Looking beyond the categorical details of the meta-analysis[13], there are subtle intricacies of the individual DEX-delirium RCTs which necessitate close consideration[9,14-17]. Table 2 enlists some of the pertinent points to assess while interpreting the results of these RCTs[9,14-17]. For instance, the POD protective role evaluation of DEX in the Turan et al. DECADE trial may have been compounded by the lack of a protocolized anesthetic regime, titration of the study drug, and other sedatives administration at the discretion of the anesthesiologist and disregard to the group-specific cumulative sedative drug dosages being utilized[8,18,19]. At the same time, exempting a formal preoperative cognitive status assessment can pose important concerns as adequate literature exists to suggest preoperative anxiety-depression and low mini-mental state examination score as independent risk-factors for POD following cardiac surgery[14-17]. Notably, the Li et al.[9] meta-analysis excluded the RCTs which did not rule out a preoperative cognitive impairment.

Table 2 - Intricacies of the DEX-delirium RCTs to be considered while interpreting the results[9,14-17].
• Whether or not preoperative cognitive impairment has been ruled out by a mini-mental state examination or other objective tools.
• If POD classifies as the primary or the secondary outcome.
• Sample-size involved and the approach to randomization-allocation-masking.
• The specified method of delirium assessment (CAM, CAM-ICU, DSM-IV, DSM-V, ICDSC, RASS).
• The timing and dosage protocol of DEX and other sedative agents.
• Nature of the control group assigned.
• Miscellaneous factors like anesthetic regime and depth, type of surgical procedure, perioperative management, cerebral perfusion technique, lowest Hb-MAP-temperature, glucose-homeostasis, blood-transfusion, oxygenation-perfusion strategy, operative-ACC-CPB times, etc.

ACC=aortic cross-clamping; CAM=Confusion Assessment Method; CAM-ICU=Confusion Assessment Method for the intensive care unit; CPB=cardiopulmonary bypass; DEX=dexmedetomidine; DSM-IV=Diagnostic and Statistical Manual of Mental Disorders, Fourth Edition; DSM-V=Diagnostic and Statistical Manual of Mental Disorders, Fifth Edition; Hb=hemoglobin; ICDSC=Intensive Care Delirium Screening Checklist; MAP=mean arterial pressure; POD=postoperative delirium; RASS=Richmond Agitation Sedation Scale; RCTs=randomized controlled trials

Table 2 - Intricacies of the DEX-delirium RCTs to be considered while interpreting the results[9,14-17].

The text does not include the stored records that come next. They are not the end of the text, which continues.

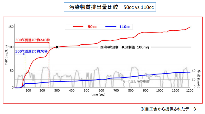 50ccのエンジンでは、触媒の浄化が始まるまで時間がかかり過ぎ、新規制値に近い大気汚染物質が出てしまうため、第4次排ガス規制に対応することができない。
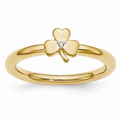 Create a look that is all your own with a fun assortment of rings that looks great alone or stacked in a collection to express your own unique style. This classic style clover ring fashioned from tarnish resistant rhodium plated sterling silver features a 6mm diamond accent clover atop a 2.5mm width band. The .05 carat round natural diamond is I2-I3 in clarity and H-I in color. Guaranteed to fit together perfectly with all of the mix and match Stackable Expressions rings. Additional features include: rhodium plated sterling silver; approximate clover size 6mm; band width 2.25mm; average item weight is 2.61 grams.
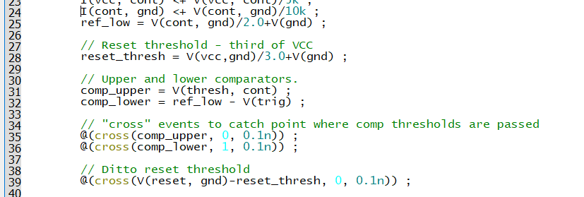 Let's look at some of the 'C' lines and corresponding Verilog-A lines.
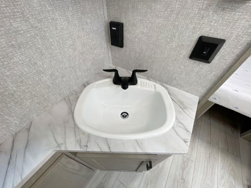 Each Alta travel trailer or toy hauler by EAST TO WEST is constructed with a 5" vacuum bonded roof, an enclosed and heated underbelly, and diamond plate front rock guard for added protection. Outside, you'll find marine-grade exterior speakers, a universal docking station, and back-up camera prep that can be added to make maneuvering in and out of campgrounds easier than ever. Inside, there are 4k interior LED lights, solid pressed membrane countertops, black roller shades, and many more interior comforts you are sure to love.
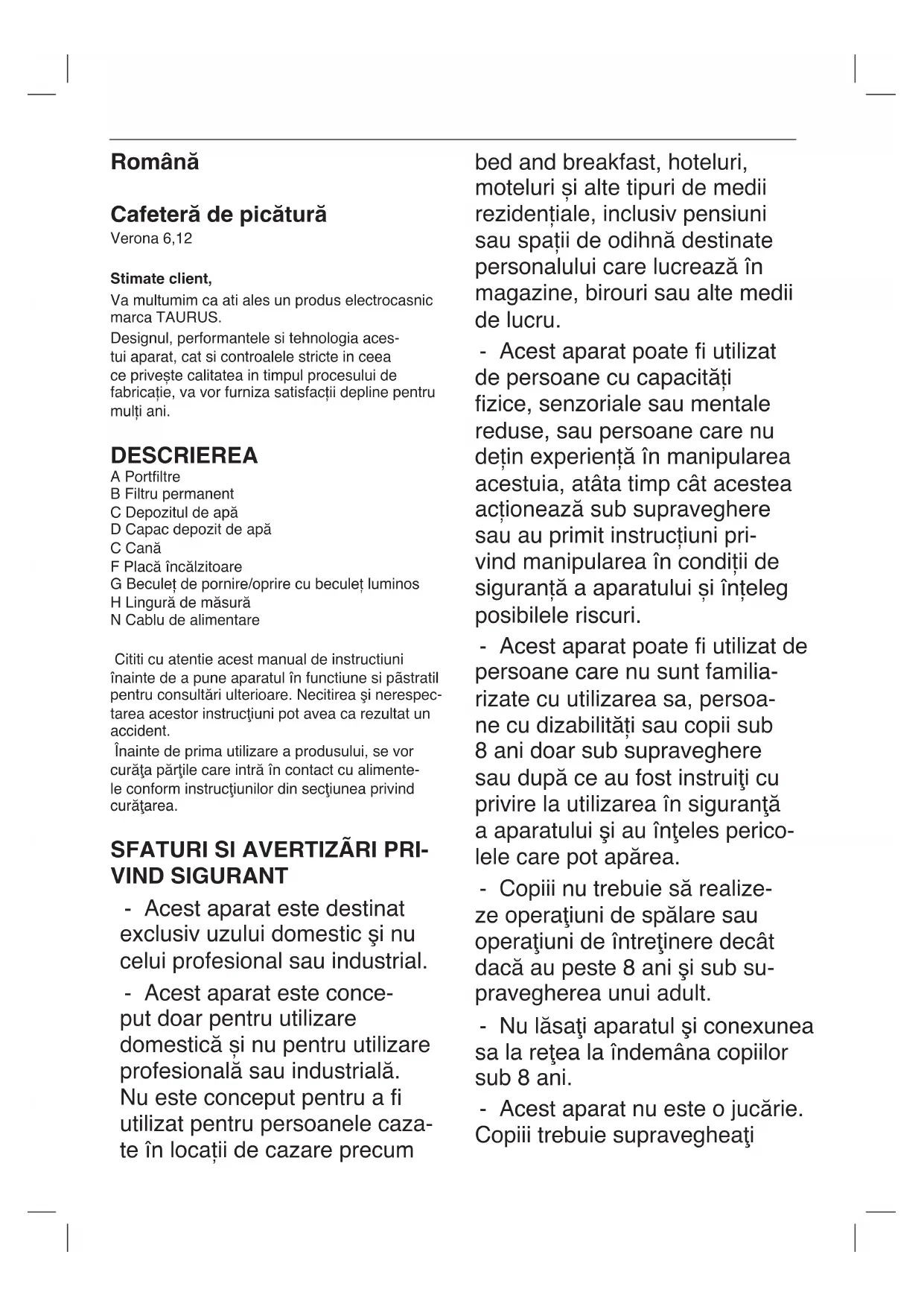 MANUAL DE UTILIZARE Verona 12 TAURUS
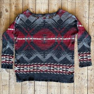Ralph Lauren Denim & Supply Southwest Red Grey Aztec Light Loose Sweater Large
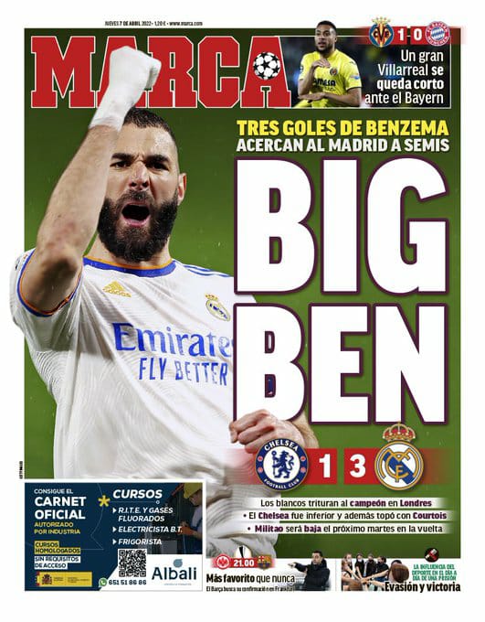 عنونت ماركا في غلافها بـ بيج بين، حيث قالت إن ثلاثية بنزيما تُقرب ريال مدريد من نصف النهائي، حيث أن الفريق الأبيض؛ أهان البطل في لندن.

Even from a holistic research standpoint, the traditionally cited evidence hierarchy of meta-analysis over and above multiple and single RCTs is an oversimplistic rendition, mandating a cautious interpretation[13]. Amidst an ongoing surge in the number of meta-analysis, it becomes imperative to realize that meta-analysis of small RCTs can be conducive to an overestimation of treatment effects, often reformed by larger RCTs which follow[13]. In conclusion, large scale multicentric RCTs and meta-analysis of varying RCT counts coexist in the present heterogeneous research ecosystem wherein a superficial perusal of the conclusions can be misleading, particularly with the methodological issues, potential biases, and rhetorical presentation techniques being an inexorable part of the vignette[13,20].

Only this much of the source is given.